When a location focuses on a nonrenewable resource, the surrounding economy often revolves around it. Appalachia offers a well-studied example. Coal mining in the region supported roughly 135,000 jobs across mining counties, representing about 4.4% of total employment in those areas. In West Virginia alone, coal mining directly employed about 20,000 workers while supporting an additional 25,000 jobs in the supply chain (equipment, transportation, services) and 17,000 more in downstream industries like electricity generation.

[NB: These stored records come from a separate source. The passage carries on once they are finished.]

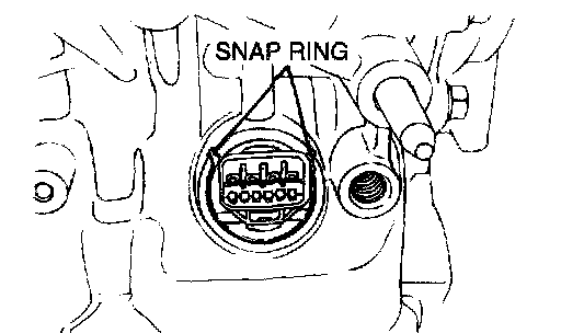 13. Remove the snap ring from the connector. Push the connector into the transaxle case and remove the solenoid valve harness.
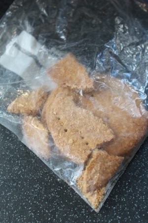 - Whilst Aquafaba is volumising……..smash biscuits with rolling pin in a freezer bag , good stress relief cos they turned up ššš
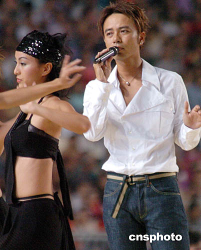為歡迎國家奧運金牌代表團(tuán)訪港,九月七日香港舉行“金牌精英大匯演”,香港歌星李克勤在“金牌精英大匯演”上演唱。中新社記者:錢興強(qiáng)
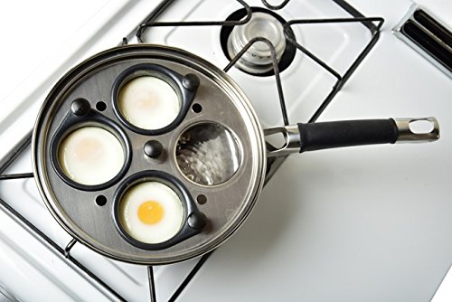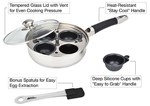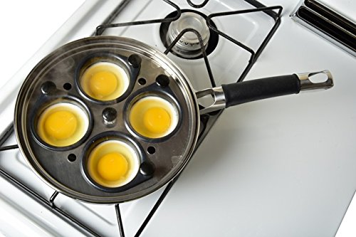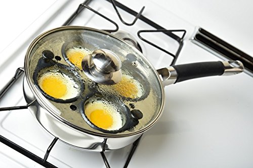 The 18/8 Stainless Steel Egg Poacher Pan Set with 4 nonstick Teflon-coated egg cups, would make for a great addition to your cookware collection. This exquisite stainless steel poacher set comes equipped with a 10-inch frying pan, stay-cool silicone handle for your safety and a tempered glass lid providing excellent ventilation and visibility while cooking your eggs. Poach your eggs to perfection in this all-in-one egg poacher.
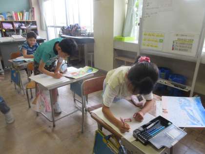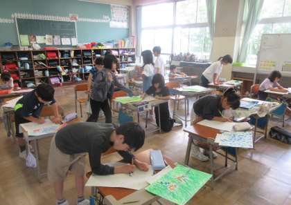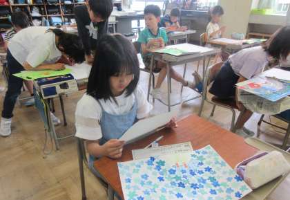 図画工作科「ことばから思いうかべて」の作品が出来上がったので、鑑賞会をしました。友達の「いいなあ」「上手だなあ」と思ったところを見つけて、カードに書き込みました。
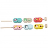 Das Holzset für Kinder Cubika „Wo wir wohnen“ verbindet Lernen und Spaß. Kinder suchen die richtigen Paare – Tier und sein Zuhause – und fädeln sie auf eine Schnur, wodurch sie ganz natürlich Feinmotorik und logisches Denken trainieren. Die Teile sind farbenfroh, robust und angenehm zu greifen.
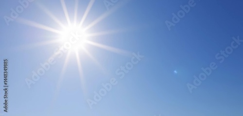 Bright yellow sun with realistic rays shining in a clear blue sky, graphic, light
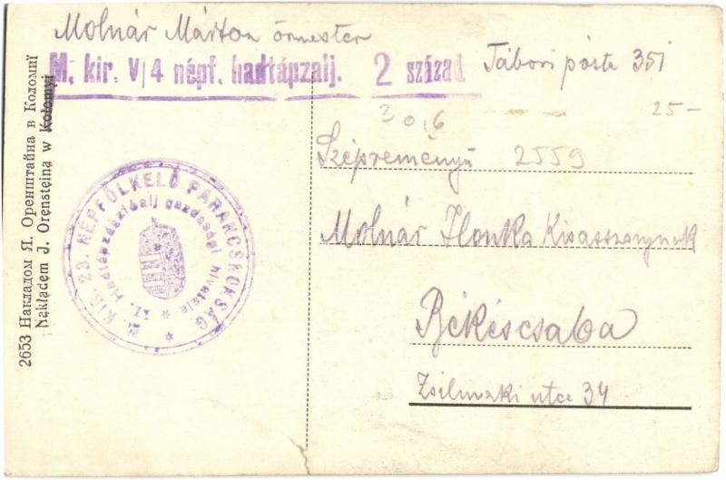 Carpathian Hucul (Hutsul) Ukrainian folklore from Burkut. J. Orenstein, Kolomyia + M. kir. V/4. népf. hadtápzalj. 2. század M. kir. 23. népfölkelő parancsnokság II. Hadtápzászlóalj gazdasági hivatala (szakadás / tear)
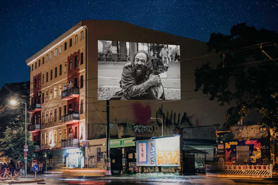 Willy-Brandt-Haus zu sehen. Die Portraits der "KEIN RAUM – Begegnungen mit Menschen ohne Obdach" Serie wurden im Rahmen des Festival of Lights 2024 an Berliner Gebäudefassaden projiziert.

Kentucky’s coal industry supported nearly $11 billion in economic activity and more than 70,000 jobs statewide. But these economies are vulnerable. Coal employment across Appalachia fell 27% between 2005 and 2015, with Central Appalachia hit hardest, dropping from 32,700 mining jobs to 19,600. Payroll levels in that sub-region fell roughly 40%. When the resource declines or market conditions shift, communities built around extraction face serious economic disruption.

This pattern repeats globally. Regions that focus heavily on a single nonrenewable resource benefit from high-paying extraction jobs and strong tax revenue during peak production, but they carry the risk of economic decline as reserves deplete or demand shifts toward alternative energy sources.